Святая Ольга много сделала для увековечения памяти первых русских исповедников имени Христова: над могилой Аскольда она воздвигла Никольский храм, где была впоследствии и сама похоронена, над могилой Дира - Софийский собор, который, простояв полвека, сгорел в 1017 году. Ее потомок Ярослав Мудрый на этом месте построил позже, в 1050 году, церковь святой Ирины, а святыни Софийского Ольгиного храма перенес в каменный храм того же имени - доныне стоящую Софию Киевскую, заложенную в 1017 году и освященную около 1030 года. В Прологе XIII века об Ольгином кресте сказано: «Иже ныне стоит в Киеве во Святой Софии в алтаре на правой стороне». Разграбление киевских святынь, продолженное после татаро-монголов литовцами, которым город достался в 1341 году, не пощадило и его. При Ягайле в период Люблинской унии, объединившей в 1384 году Польшу и Литву в одно государство, Ольгин крест был похищен из Софийского собора и вывезен католиками в Люблин. Дальнейшая судьба его неизвестна.

Тем временем в Киеве среди бояр и дружинников нашлось немало людей, которые, возненавидели княгиню Ольгу, строившую храмы. Ревнители языческой старины все смелее поднимали голову, с надеждой взирая на подраставшего Святослава, решительно отклонившего уговоры матери принять христианство и даже гневавшегося на нее за это. Нужно было спешить с задуманным делом крещения Руси. Коварство Византии, не торопившейся дать Руси правильное христианское устроение, было на руку язычникам. В поисках решения святая Ольга обратила взоры на Запад. Никакого противоречия здесь нет. Ольга принадлежала еще к неразделенной Церкви и не имела возможности вникать в богословские тонкости греческого и латинского вероучения. Противостояние Запада и Востока представлялось ей прежде всего политическим соперничеством, второстепенным по сравнению насущной задачей - созданием Русской Церкви, христианским просвещением Руси.
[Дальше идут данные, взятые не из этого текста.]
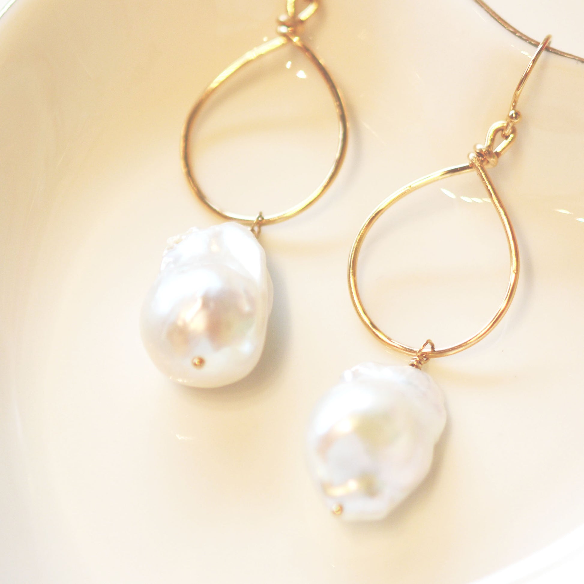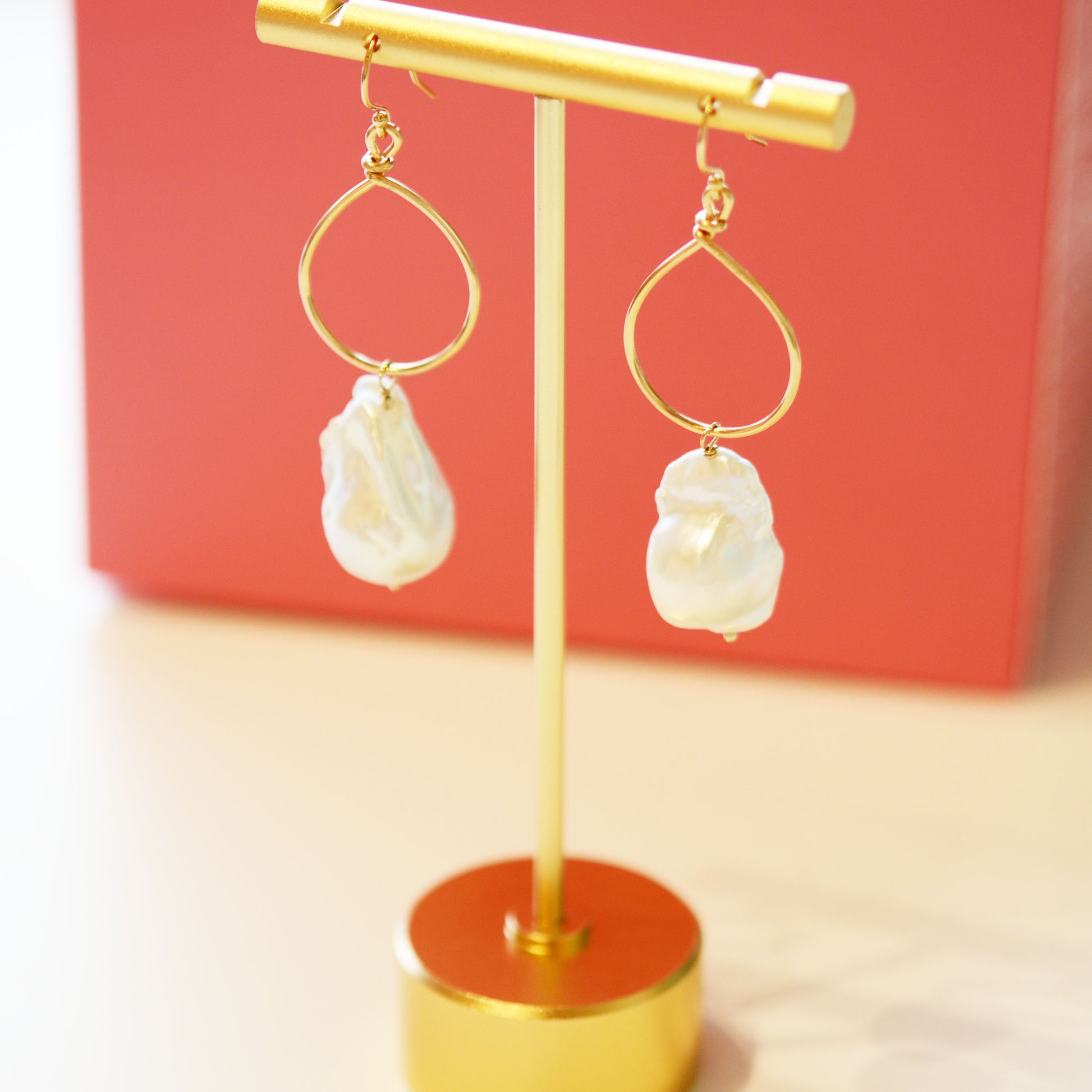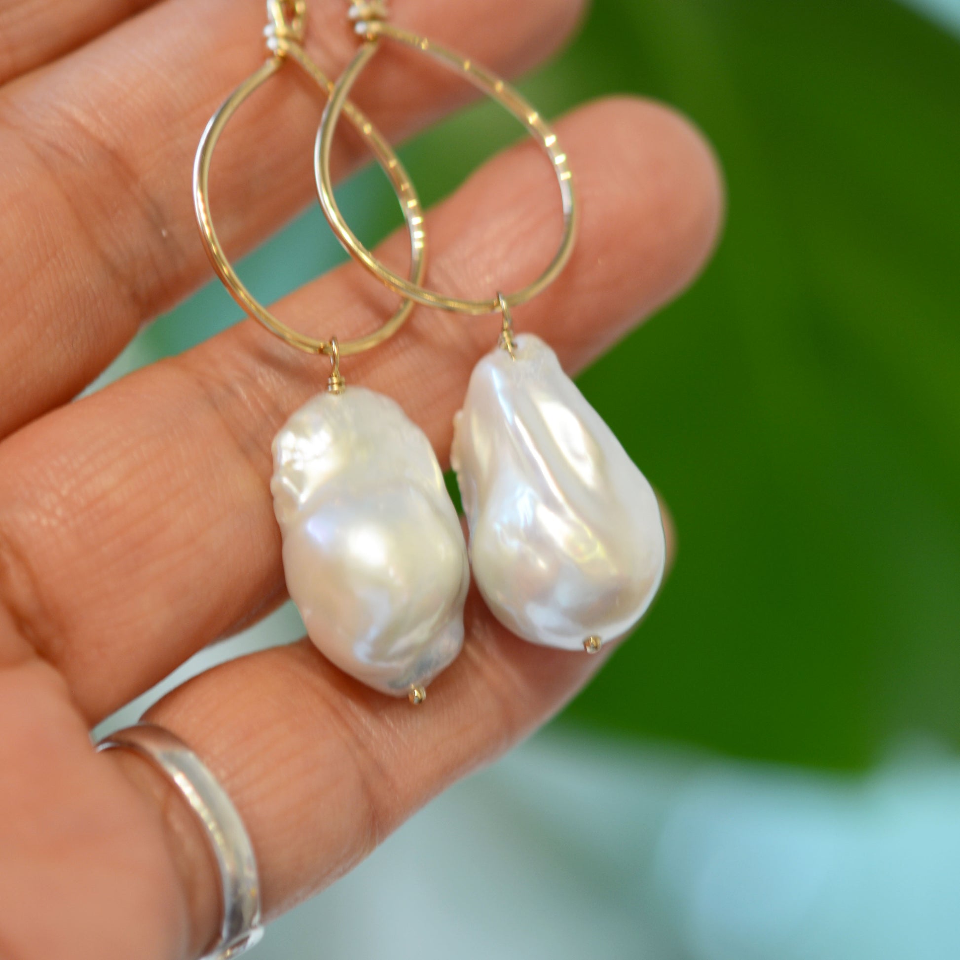 Elevate your elegance with our exquisite handmade hoop earrings, featuring rare quality baroque pearls delicately suspended from 18K gold fill wires. Each pair is a testament to sophistication and individuality, meticulously crafted to add a touch of timeless beauty to any ensemble.
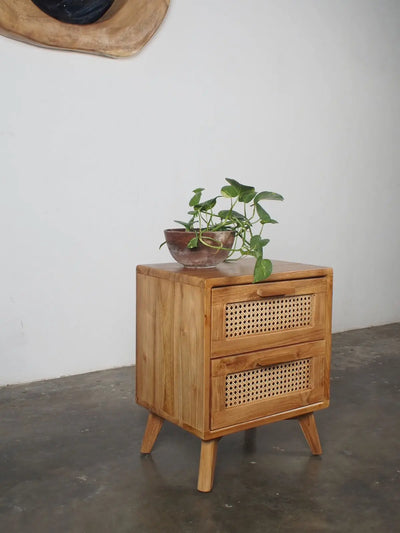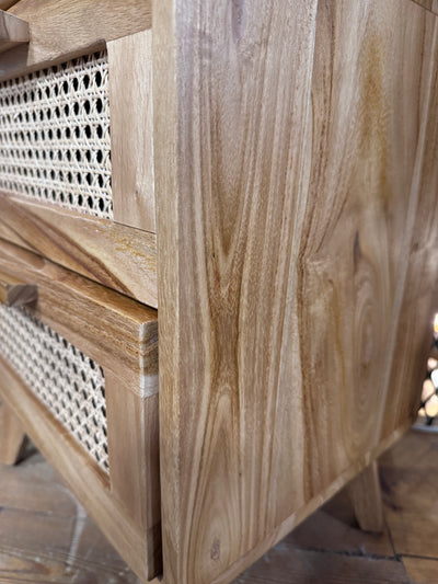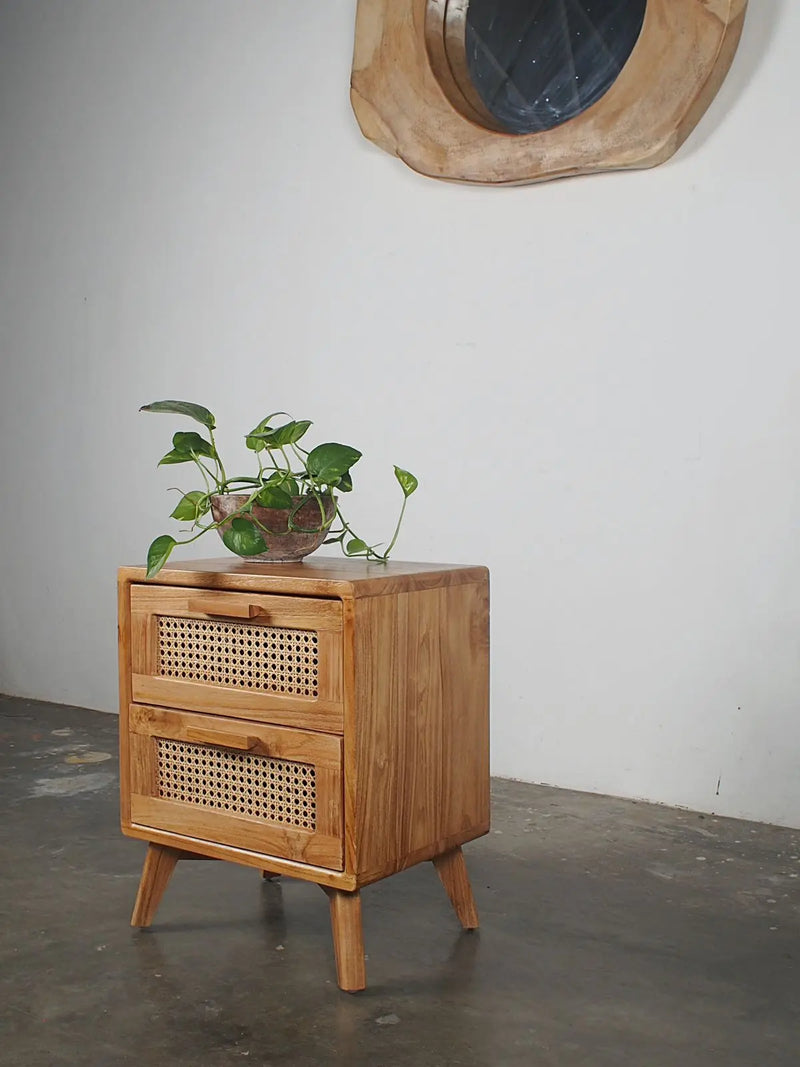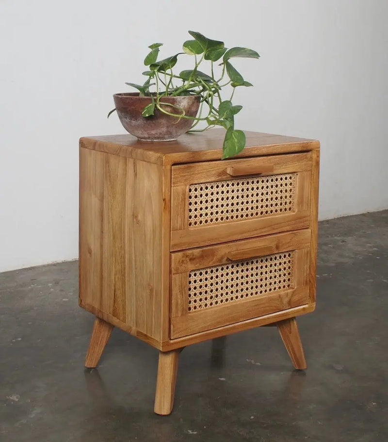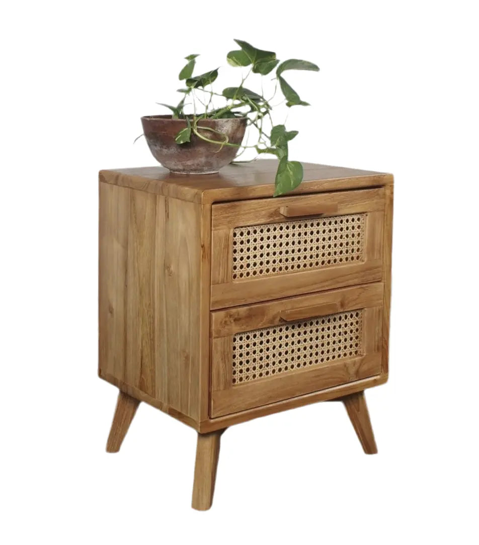 שידה קומפקטית מדהימה מעץ טיק מלא בגוון טבעי מאינדונזיה, ראטן משולב בשתי מגירות מתאים לצד מיטה

Под 959 годом немецкий хронист, именуемый «продолжатель Регинона», записывает: «Пришли к королю послы Елены, королевы руссов, которая крещена в Константинополе, и просили посвятить для сего народа епископа и священников». Король Оттон, будущий основатель Германской империи, охотно откликнулся на просьбу Ольги, но повел дело не спеша, с чисто немецкой основательностью. Лишь на Рождество следующего, 960 года епископом Русским был поставлен Либуций, из братии монастыря святого Альбана в Майнце. Но он вскоре умер (в 961 году). На его место был посвящен Адальберт Трирский, которого Оттон, «щедро снабдив всем нужным», отправил, наконец, на Русь. Трудно сказать, что случилось бы, не промедли король так долго, но когда в 962 году Адальберт появился в Киеве, он «не успел ни в чем том, за чем был послан, и видел свои старания напрасными». Хуже того, на обратном пути «некоторые из его спутников были убиты, и сам епископ не избежал смертной опасности».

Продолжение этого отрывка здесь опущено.